ACTIVITY
Print, exactly as they stand, the lines below from the one that has "Po sametové revoluci" to the one that has "Nový autobus společnosti OSNADO", inclusive, leaving out the pictures.

◇ ◇ ◇ ◇ ◇

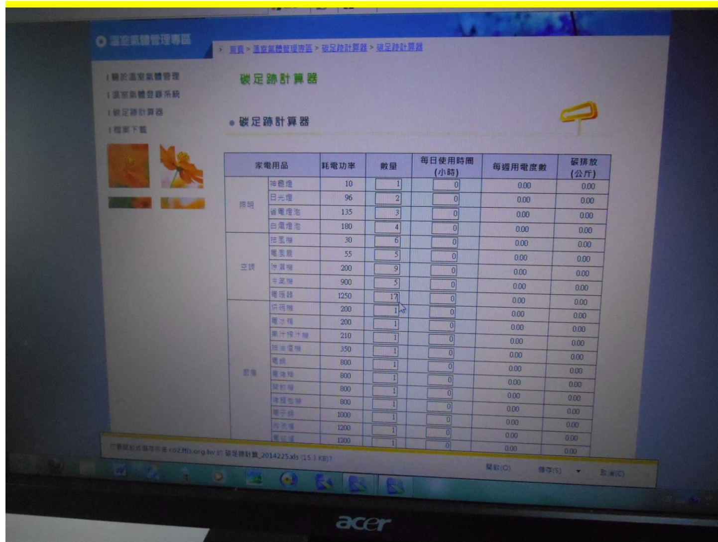
介紹碳足跡計算器如何使用
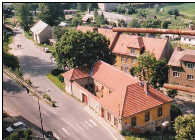
Objekt bývalé věznice roku 1997. Pohled z věže kostela.

Po sametové revoluci dochází s rozvojem soukromého podnikání k opětovnému využití východního křídla budovy. V letech 1991–1993 provozuje fa F & F obchod s textilem, ga-
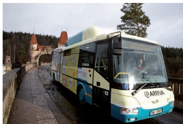
Nový autobus společnosti OSNADO

Provozovaná trasa turistické linky v zimní sezoně vede od vybraných lyžařských destinací ve východní části Krkonoš (Jánské Lázně, Svoboda nad Úpou, Mladé Buky) za dalšími atraktivitami cestovního ruchu v regionu. Od dubna 2012 naváže na zimní provoz letní podoba této linky propojující významné cíle, jakými jsou ZOO ve Dvoře Králové nad Labem, zámek Hospitál Kuks s přehradou Les Království.

◇ ◇ ◇ ◇ ◇

WRITTEN REPLY
Po sametové revoluci dochází s rozvojem soukromého podnikání k opětovnému využití východního křídla budovy. V letech 1991–1993 provozuje fa F & F obchod s textilem, ga-
Nový autobus společnosti OSNADO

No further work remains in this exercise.